Al vijf jaar wonen we samen, mijn huisgenootje en ik. Vorige week werd ik ineens heel boos op hem. Dat gebeurt doorgaans niet zo vaak, maar de laatste tijd wel meer dan vroeger. Omdat we nu allebei het hart meer op de tong hebben, denk ik. Meer voor onze behoeften durven uitkomen. Dingen niet zomaar inslikken. Minder pleasen, meer authentiek zijn. Hoera dus voor de boosheid!
De switch
Toen we de situatie aan het uitpraten waren, zei hij dat hij een evolutie bij me opmerkt de afgelopen jaren: “Vroeger kon je lang in boosheid blijven hangen. Dan was er veel afstand tussen ons. Nu maak je veel sneller de switch en is het gemakkelijker om terug verbinding met je te voelen.”
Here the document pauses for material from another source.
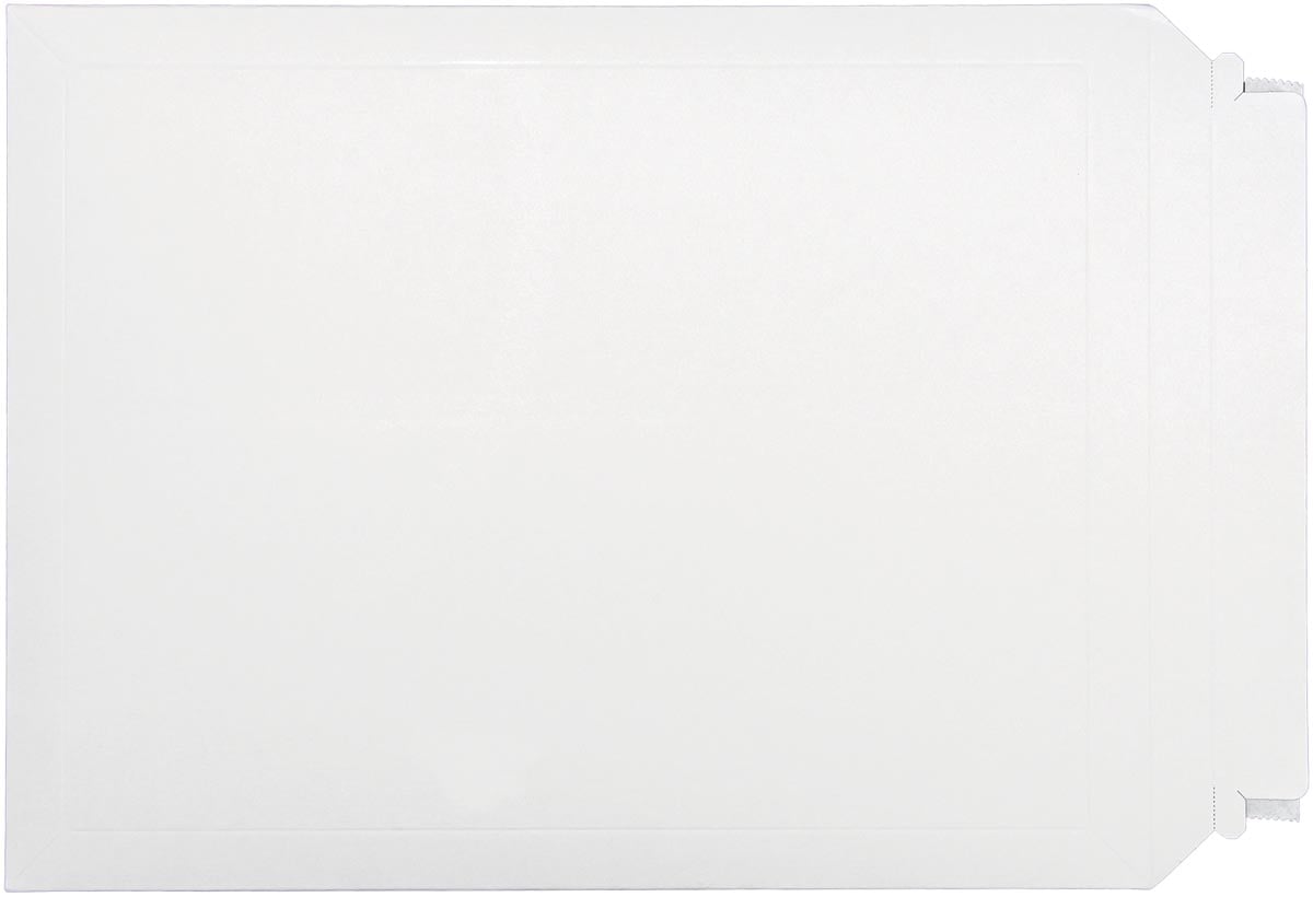Uit wit massief karton van 450 g/m. Elegant en beschermend. Stripsluiting en tearstrip aan de korte zijde. Biedt een goede bescherming aan onregelmatig vormgegeven voorwerpen zoals rapporten, documenten en certificaten. Voor het verzenden van poststukkenmet extra volume die onbeschadigd moeten aankomen. Doos van 100 stuks.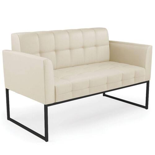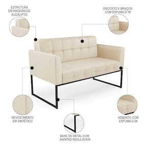 Querida por muitos pela beleza e conforto que proporciona, sua versatilidade dá a liberdade de poder usar na sua Sala De Estar, recepção e onde mais desejar! Você vai adorar o Sofá Namoradeira Base Industrial Preto Ana Sintético Bege, da Ibiza!

Mja, dat is inderdaad zo. Dat zie ik bij mezelf ook. Niet in de zin van: ‘Ik laat de boosheid gewoon los’ of ‘Ach het is allemaal zo erg niet’. Het is een andere soort switch. Maar laat ik beginnen bij het begin.
Het verwijtenfestijn
Ik had voorgesteld om wat vaker samen te koken. Dat leek me wel gezellig. Toen hij antwoordde dat hij daar niet zoveel zin in had, sloeg mijn humeur meteen om. Het ene oordeel na het andere schoot door mijn hoofd. Er kwam prompt een heel verwijtenfestijn op gang: dat hij egoïstisch is, asociaal, alleen met zichzelf bezig, dat ik niks aan hem heb, etc. (meer…)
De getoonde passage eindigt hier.